Additional research is needed in order to unravel everything these components can signal, but Polsky believes that someday interstitial fluid will join urine and blood as a fluid Doctors regularly test for their clinical diagnoses. That is the focus of the study the Author participated in.

After Robert Taylor, a Postdoctoral Fellow who works with Baca at UNM, cleaned the Author’s forearm with an alcohol wipe, the third five-needle holder was then pressed into the Author’s arm. There was a brief blow of pain and pressure similar to tugging on strands of hair. Then, except for the fact that the Author was asked not to move her hand and someone was pressing a finger-sized piece of plastic against her arm, she hardly noticed it. Taylor stated that future sensor systems will be set up to be simpler to use.

After about 10 minutes, the Author saw clear, water-like liquid seeping out of herself, into small glass straw-like capillaries. In 30 minutes, the five microneedle-capillaries collected about 2 microliters, or 1/30 of a drop.

Wearable sensors, early cancer detection, the bright future of microneedle-based sensors

For a number of applications the Researchers envision, the biomarker sensors would be on the extreme tip of the microneedle in order to allow persistent detection of the conditions inside the body. Future studies will make use of larger needle arrays in order to increase sample volume. For several other applications, such as early cancer detection, collecting the interstitial fluid may take a longer time than a standard blood draw, but could offer varied clues.

Future work deals with testing the tip-based sensors in people — they have already proved that it works well in solutions — and then observing the lactate levels in people undergoing vigorous exercise.
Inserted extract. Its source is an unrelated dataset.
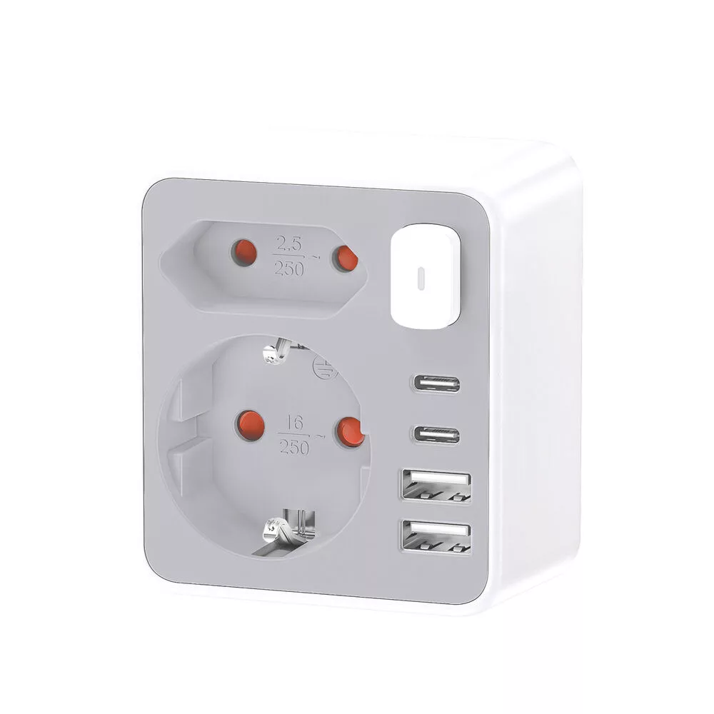 A Techlink TPA35 egy két aljzatos, kapcsolóvalellátott elosztóadapter, amely 4 USB-töltőporttal (2×USB-A és2×USB-C) is rendelkezik.

In June, the Researchers announced their interest in business partners to help incorporate the microneedle sensors into a self-contained device. The main goal of commercialization or a partnership with industry would be to bring technology to the market in a manner that benefits the public.

Sandia’s Laboratory Directed Research and Development program funded the early work on the sensor. The human studies are being funded by the U.S. Defense Threat Reduction Agency.

After four 30 minute interstitial fluid collections, the Author’s part is done. The red marks from the needle holder fade away after a few hours but the satisfaction of helping science lasts much longer. Baca’s team will carry out different tests on the Author’s interstitial fluid, bringing them one step closer to microneedle-based sensors for athletes, soldiers and patients.